Stephen, born on Christmas Eve and named for the first martyr of Christianity, dreams as a child that "in some queer way she [is] Jesus".[58] When she discovers that Collins, object of her childhood crush, has housemaid's knee, she prays that the affliction be transferred to her: "I would like to wash Collins in my blood, Lord Jesus — I would like very much to be a Saviour to Collins — I love her, and I want to be hurt like You were".[59] This childish desire for martyrdom prefigures Stephen's ultimate self-sacrifice for Mary's sake.[60] After she tricks Mary into leaving her — carrying out a plan that leads Valérie to exclaim "you were made for a martyr!"[61] — Stephen, left alone in her home, sees the room thronged with inverts, living, dead, and unborn. They call on her to intercede with God for them, and finally possess her. It is with their collective voice that she demands of God, "Give us also the right to our existence".[62]
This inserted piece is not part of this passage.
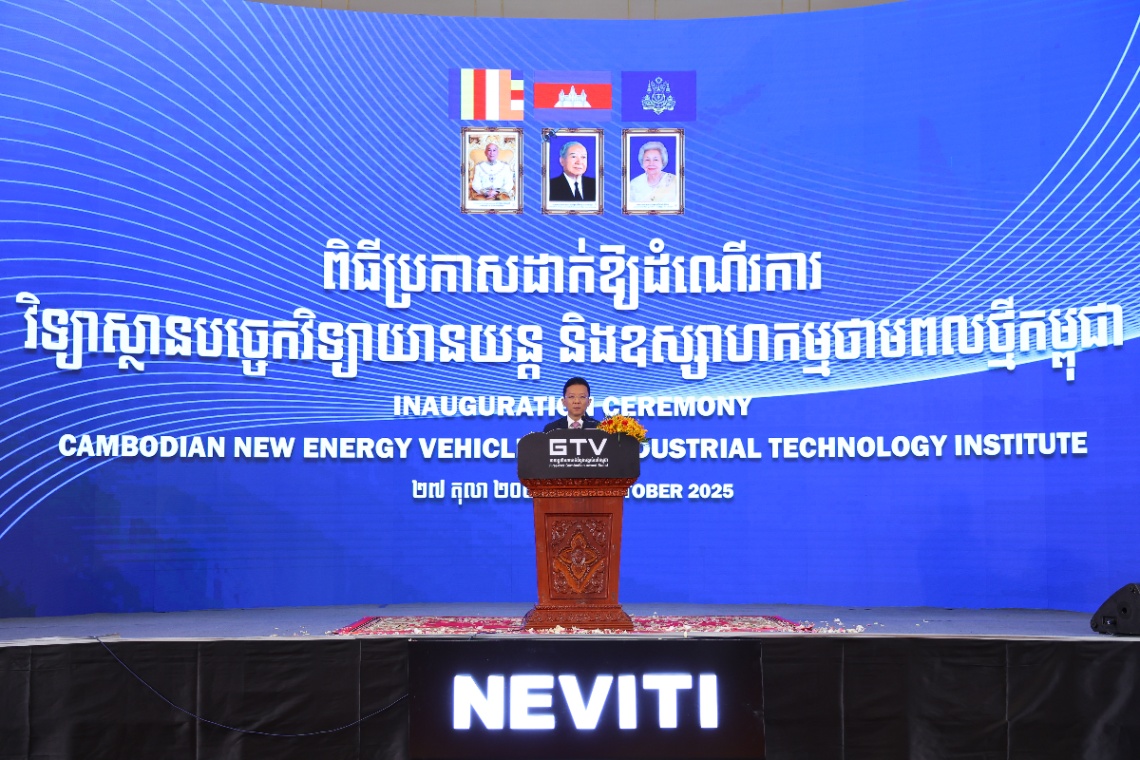 ភ្នំពេញ៖ ឯកឧត្តម ហែម វណ្ឌឌី រដ្ឋមន្រ្តីក្រសួងឧស្សាហកម្ម វិទ្យាសាស្រ្ត បច្ចេកវិទ្យា និងនវានុវត្តន៍ នៅថ្ងៃទី២៧ ខែតុលា ឆ្នាំ២០២៥ អញ្ជើញសម្ពោធដាក់ឲ្យដំណើរការវិទ្យាស្ថានបច្ចេកវិទ្យាយានយន្ត និងឧស្សាហកម្មថាមពលថ្មីនៅកម្ពុជា ។

After Stephen reads Krafft-Ebing in her father's library, she opens the Bible at random, seeking a sign, and reads Genesis 4:15, "And the Lord set a mark upon Cain...."[63] Hall uses the mark of Cain, a sign of shame and exile, throughout the novel as a metaphor for the situation of inverts.[64] Her defense of inversion took the form of a religious argument: God had created inverts, so humanity should accept them.[65] The Well's use of religious imagery outraged the book's opponents,[66] but Hall's vision of inversion as a God-given state was an influential contribution to the language of LGBT rights.[67]